Our goal is to capture the specified information and rank, so we must use regular expressions and three long regular expressions, which have certain requirements for writing regular expressions, when I was writing these three regular expressions, I encountered many problems. According to the requirements of the question, I used the SED command to capture and replace the specified content. However, I encountered the following error:
1. In the end, the regular expression forgets to add. *. This will not replace such a long row.
2. After the SED command is crawled, some items that do not meet the requirements are displayed. You can use grep "http: // "remove these useless rows (I 've been delaying this step for a long time)
3 \ {\} is written as \ {} \, which is a clerical error, but a long regular expression is written. Such errors cannot be forgiven, therefore, you must complete the parentheses to be transferred and then write the Matching content to avoid errors.
4 sed command forgot to write one of ''. You should write'' after implementation to avoid forgetting and making mistakes.
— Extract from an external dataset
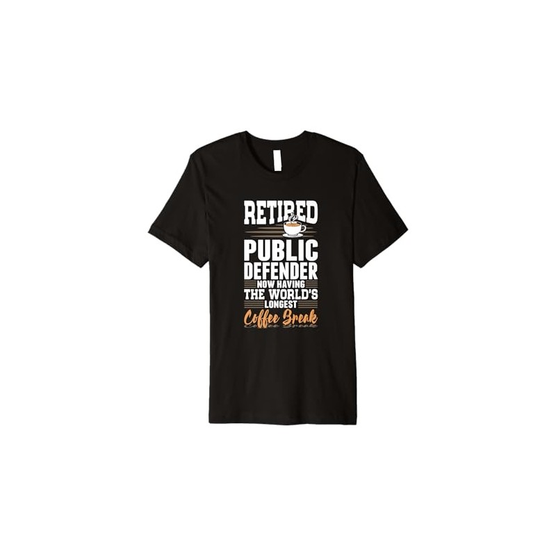 - Retired Public Defender World's Longest Coffee Break! Are you retired Public Defender and happy not working anymore? Funny retirement outfit for Public Defender to show that you enjoy to be retired.
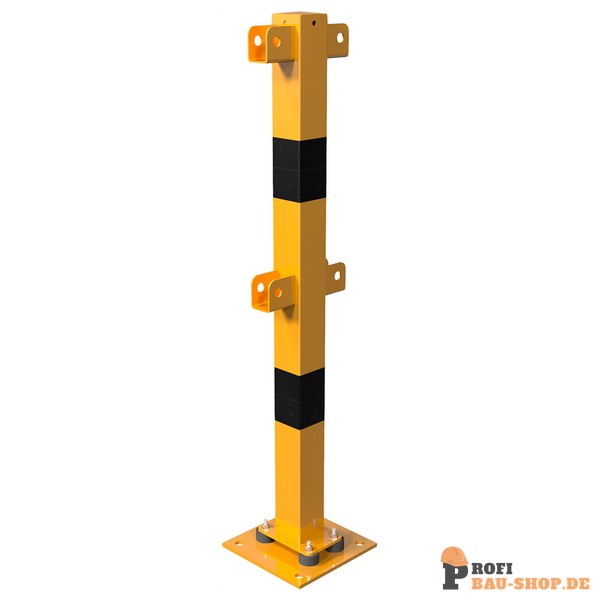 Der Schake Standpfosten aus robustem 70x70 mm Stahlrohr ist zum Aufdübeln konzipiert und bietet dank seiner neigbaren, elastischen Konstruktion optimalen Schutz für den Hallenboden. Ideal als Mittelpfosten für Ober- und Knieholm in vielseitigen Geländersystemen.

My second function is as follows:
function URL { sed '1,$s@.*\(http://[a-zA-Z]\{1,\}\.[a-zA-Z]\{1,\}\.[a-zA-Z]\{1,\}\).*@\1@g' /tmp/access_log | grep "^http://" > /tmp/tt.1 sed '1,$s@.*\(http://[0-9]\{1,\}\.[0-9]\{1,\}\.[0-9]\{1,\}\.[0-9]\{1,\}\).*@\1@g' /tmp/access_log | grep "^http://" >> /tmp/tt.1 echo -e " \033[33mTIMES Doman\033[0m \033[5;32m<---------Here is the doman rank\033[0m" sort /tmp/tt.1 | uniq -c | sort -rn | head -5
}
Obviously, this long regular expression is prone to errors, and we hope to learn from it in the future when writing sed commands, regular expressions, and other commands.
Sort and uniq
These two commands have some problems that are easy to ignore. For example, when the uniq command uses sourt-N, It is not compared by the number size, but by the first character size! (Tens of millions of attention) Therefore, sort-Rn should be used to sort numbers. When uniq processes special data, if you do not need to use sort to process the data in advance, the result is not what you want, as shown below:
[Root @ Dean 725-27] # sed '1, $ s @. * \ (http: // [A-Za-Z] \ {1 ,\}\. [A-Za-Z] \ {1 ,\}\. [A-Za-Z] \ {1 ,\}\). * @ \ 1 @ G'/tmp/access_log | grep "^ http: //" | uniq-C 2 http://www.baidu.com // Baidu appears again below! 11983 http://www.linux.com 1 http:// I .ifeng.com 3761 http://www.linux.com 4 http://www.baidu.com // repeat appear!
This is because uniq's processing mechanism does not merge all duplicates, but repeats continuously! Therefore, the correct method is to sort the files to be processed by using sort, sort them together repeatedly, and then use uniq for processing.
sort file | uniq -c | sort -rn
Sort
The code for the entire script is as follows:
#!/bin/bashcd /tmpwget ftp://192.168.0.254/pub/Files/access_logecho -e "\033[32mdownload secessfull!\033[0m "echo "---------------------------------------"FILE=/tmp/access_logfunction IP { echo -e " \033[33mTIMES IP\033[0m \033[5;32m<------------ Here is the ip rank\033[0m" awk '{print $1}' $FILE | sort | uniq -c | sort -rn | head -5}function URL { sed '1,$s@.*\(http://[a-zA-Z]\{1,\}\.[a-zA-Z]\{1,\}\.[a-zA-Z]\{1,\}\).*@\1@g' /tmp/access_log | grep "^http://" > /tmp/tt.1 sed '1,$s@.*\(http://[0-9]\{1,\}\.[0-9]\{1,\}\.[0-9]\{1,\}\.[0-9]\{1,\}\).*@\1@g' /tmp/access_log | grep "^http://" >> /tmp/tt.1 echo -e " \033[33mTIMES Doman\033[0m \033[5;32m<---------Here is the doman rank\033[0m" sort /tmp/tt.1 | uniq -c | sort -rn | head -5}IPURLrm -f /tmp/tt.1
# Conclusion: When writing a shell script, you must first consider the usage of the command. When specifying the format and usage of the command, first write the error-prone areas to avoid writing errors. For other considerations, for example, the final fi of the IF statement, the then on the right side of the IF statement, the done after the loop body, and finally the deleted cache file, when no case statement ends; the last *) instead of '*', and the last esac.